Torsional response of microwires using multi-term nonlinear kinematic hardening model within strain gradient plasticity framework

The microwire torsion experiment holds significant importance in assessing the size effect at the micron and submicron scales. This paper introduces a model that examines the torsion of a microwire within a higher -order phenomenological strain gradient plasticity framework. The energetic consequences of plastic strain gradient are captured through a multi -term Chaboche-type nonlinear higher -order energetic stress evolution. This higher -order stress is linked to the formation of geometrically necessary dislocations (GNDs) and reaches saturation as effective plastic strain increases during plastic flow.

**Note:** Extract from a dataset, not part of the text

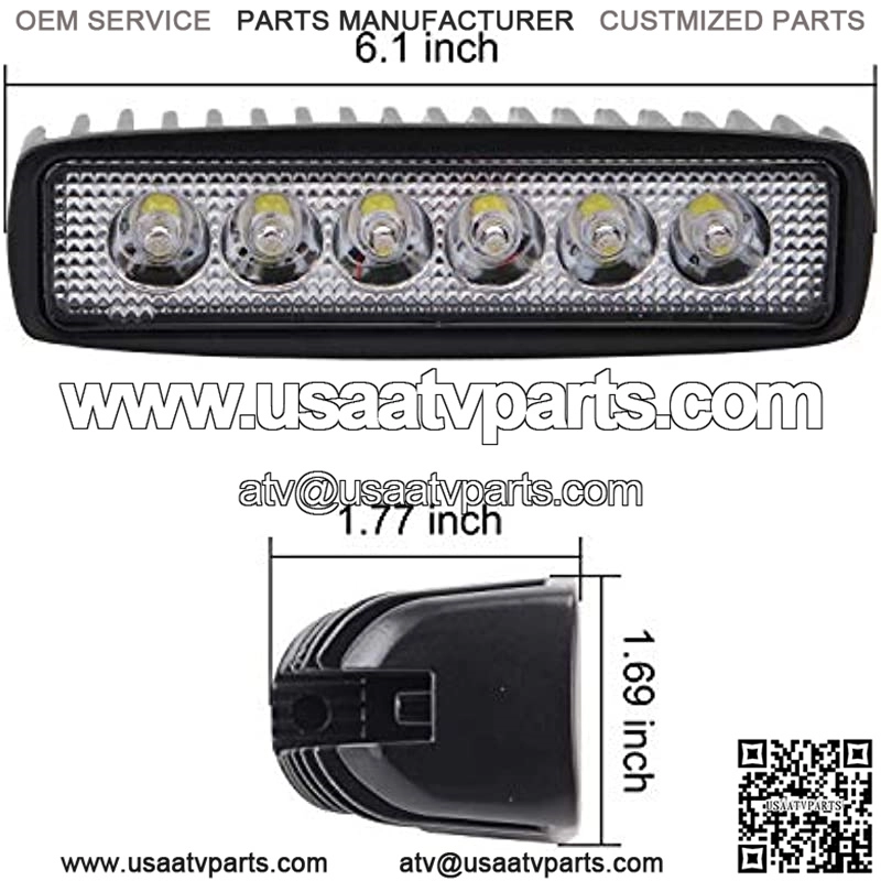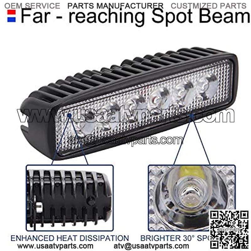 2 Pack: 2x High Powered Spot LED Work Light Bar Strip, 6 x 3 Watt high power & high intensity White LEDs at 6,000K color temperature with 1320 Lumens.

The thermodynamically consistent framework demonstrates additional dissipation in the dissipation inequality. To simulate microwires, a comprehensive three-dimensional mixed finite element with displacement and plastic strain as variables is proposed. Subsequently, an axisymmetric version of the general 3D theory is derived for circular cross -sections using the micro -force balance equation, which takes into account both energetic and dissipative higher -order stress. A procedure for identifying hardening parameters from experimental torque -twist data is suggested. Comparative analysis between numerical responses and experimental observations highlights the effectiveness of saturation term(s) in the higher -order energetic stress evolution equation, as well as the influence of radiusdependent hardening parameters. The torsional behavior of a non -circular section indicates that the warping of the non -circular section diminishes with an increased strain gradient effect. Surface passivation enhances the wire's strength by preventing GNDs from escaping the surface. However, non -uniform surface passivation disrupts the symmetry of the cross-section and leads to more warping.